[Opening DATA FOR THIS TASK section]

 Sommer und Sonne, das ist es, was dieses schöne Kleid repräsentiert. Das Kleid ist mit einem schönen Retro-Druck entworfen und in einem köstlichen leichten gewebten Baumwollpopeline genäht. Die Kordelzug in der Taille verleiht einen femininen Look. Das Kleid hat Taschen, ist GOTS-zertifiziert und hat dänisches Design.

[Closing DATA FOR THIS TASK section]
[Opening DATA FOR THIS TASK section]

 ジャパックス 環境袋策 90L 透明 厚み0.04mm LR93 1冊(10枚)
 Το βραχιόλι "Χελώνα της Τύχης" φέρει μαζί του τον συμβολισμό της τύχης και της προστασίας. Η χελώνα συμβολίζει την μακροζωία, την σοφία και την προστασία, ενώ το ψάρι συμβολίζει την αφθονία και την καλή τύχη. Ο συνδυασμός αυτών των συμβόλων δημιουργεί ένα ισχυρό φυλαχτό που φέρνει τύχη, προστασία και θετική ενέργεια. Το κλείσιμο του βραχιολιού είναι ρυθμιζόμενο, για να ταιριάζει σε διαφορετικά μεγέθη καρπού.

[Closing DATA FOR THIS TASK section]

[ACTIVITY]
After locating the line holding "ジャパックス 環境袋策 90L 透明 厚み0.04mm LR93 1冊(10枚)" above, output exactly that line and every line after it through the line holding "διαφορετικά μεγέθη καρπού.". Include nothing else.

[SOLUTION TO THIS PROBLEM]
 ジャパックス 環境袋策 90L 透明 厚み0.04mm LR93 1冊(10枚)
 Το βραχιόλι "Χελώνα της Τύχης" φέρει μαζί του τον συμβολισμό της τύχης και της προστασίας. Η χελώνα συμβολίζει την μακροζωία, την σοφία και την προστασία, ενώ το ψάρι συμβολίζει την αφθονία και την καλή τύχη. Ο συνδυασμός αυτών των συμβόλων δημιουργεί ένα ισχυρό φυλαχτό που φέρνει τύχη, προστασία και θετική ενέργεια. Το κλείσιμο του βραχιολιού είναι ρυθμιζόμενο, για να ταιριάζει σε διαφορετικά μεγέθη καρπού.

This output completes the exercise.